Mortgage Market Survey 2/11/16

Mortgage rates have dropped for the sixth week in a row and the average rate for a benchmark 30-year loan has dropped to 3.65 percent, matching its one-year low and within 6 basis points of its lowest rate since 2013 as concern about a global slowdown and market weakness drive the 10-year Treasury yield down.

The average 30-year mortgage rate is now 32 basis points below the 3.97 percent rate in place prior to the Fed’s first rate hike in December and the probability of a second rate hike by The Fed next month has dropped to 0.1 percent according to the futures market, a move which shouldn’t catch any plugged-in readers by surprise.

17 thoughts on “Benchmark Mortgage Drops to One-Year Low, Odds of a Hike: Nil”
    1. Which calls to mind the Coyote, running in place off the cliff, suddenly aware of his predicament, trying to save himself by unloading that anvil he’s been carrying around…

      1. Well, we don’t have anything like the data to make that sort of joke.
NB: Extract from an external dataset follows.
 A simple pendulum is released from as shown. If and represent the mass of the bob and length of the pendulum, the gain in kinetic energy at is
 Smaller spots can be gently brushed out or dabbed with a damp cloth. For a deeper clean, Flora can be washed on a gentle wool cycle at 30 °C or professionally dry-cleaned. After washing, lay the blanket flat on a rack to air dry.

It’d for sure lead to higher housing prices though.

          1. Lower rates equals lower payments for the same loan amount and vice versa. And for cash buyers lower rates lowers the opportunity cost for their cash and vice versa. So it would stand to reason that lower rates would push up home prices all things being equal. But I haven’t seen any studies that show a good correlation between rates and prices.
            You could speculate on a few reasons though. Rates themselves may be reflecting the economic outlook. So rates may be low or ultra low exactly because we are in recession or the markets may feel that the future outlook for economic growth is weak. Real (inflation adjusted) rates may be more relevant than nominal rates (though if this were the only factor it would easily be corrected for in studies) and more generally the spread between general interest rates and mortgage rates may change. Time’s may change, anecdotally people have started to focus more on the mortgage payment amount vs the home price. Momentum and buyers future home price expectations can play a big role.
            In short, all other things are far from equal.
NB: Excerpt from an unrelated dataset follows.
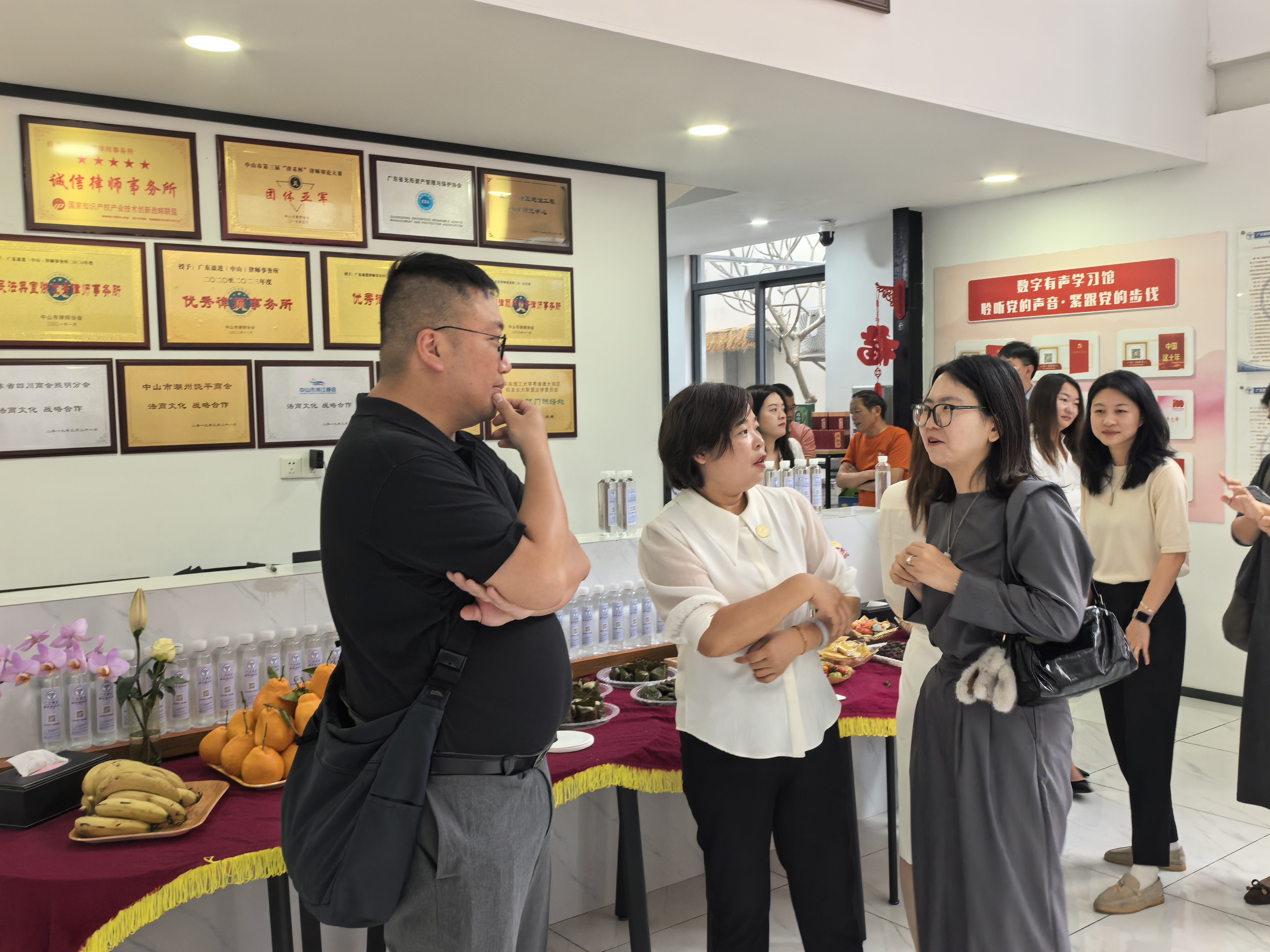 随后,盈进高伙们引领嘉宾参观律所荣誉墙、党建长廊及智能化办公区,展示盈进在专业化建设、党建引领与数字化转型中的创新实践。嘉宾们对盈进“以党建促所建、以专业赢口碑”的发展模式给予高度评价。

  1. My bank contacted unsolicited and told me they wanted to lower my rate. Not a refi but just please take it please. I guess they want to keep my mortgage and though I was likely to refi with someone else

    Jumbo rates are now 3.387% so I am about to contact them

    1. same here. I have a 3.9 , and my broker said he can get me down to 3.5 without a fee. extra $350/mo which covers my HOA. very cool

        1. Someone (Banks, Fannie Freddie, investors,..) is holding all these loans at these super low interest rates. Good for them in the short term if rates keep falling, but could be very troubling if rates rise longer term

          1. I’m sure a lot of them end up at the Fed. While the Fed is no longer increasing the size of its MBS portfolio (which it built up during the prior rounds of QE) it is reinvesting the principal that matures (either from time or refi’s) back into MBS.

  2. We don’t appreciate how well we have things in California in particular and in the US. The ROW is much further down the recessionary slide scale and every country wants to devalue vs. the dollar. All of our exports become more expensive and imports cheaper… The Fed raising rates only exacerbates the dollar strengthening.

    The upshot as noted above, is that the enfranchised owners keep winning. (re-fi, re-fi, re-fi) If the SF real estate market slows down, it seems rather unlikely to be due to rising borrowing costs. Good for owners/flippers/developers.

  3. “All of our exports become more expensive and imports cheaper”

    In other words, tough luck for people who make actual things. Unfortunately, the market for fake things (eg disruptive donuts on demand ™) is going down the drain, too. Who knew that an economy needed more parts than just bottomless VC capital, koder kidz packed in shoeboxes, and bartenders to serve them?

    1. Most people know that. Janet Yellen (praise Jesus) can’t set a short term interest rate for San Francisco that is different than for the rest of the country. If she could, we would all be better off in aggregate, and there would be more affordable housing and fewer feverish facebookers from the far east falling on our fair forum.

      Maverick’s is tomorrow. Ride the wave or stay on the shore, but don’t whinge about those in the fray. Zerohedge misses you.

      1. Price is a reflection of supply and demand. If SF rent is $200 instead of $3300, we could have millions of people coming to SF and we will have a 100 times of problem for “available housing” even if we have solved the “affordable housing” problem by limiting rent to $200 per month.

        “Available housing” is what we need. If the $200 per month housing are all occupied, all of the newly arrived San Franciscans would have to become homeless even if they are as rich as Zuckerberg.

  4. “disruptive donuts on demand”…..I can’t stop laughing, Two Beers sums up the current market for fake things very nicely.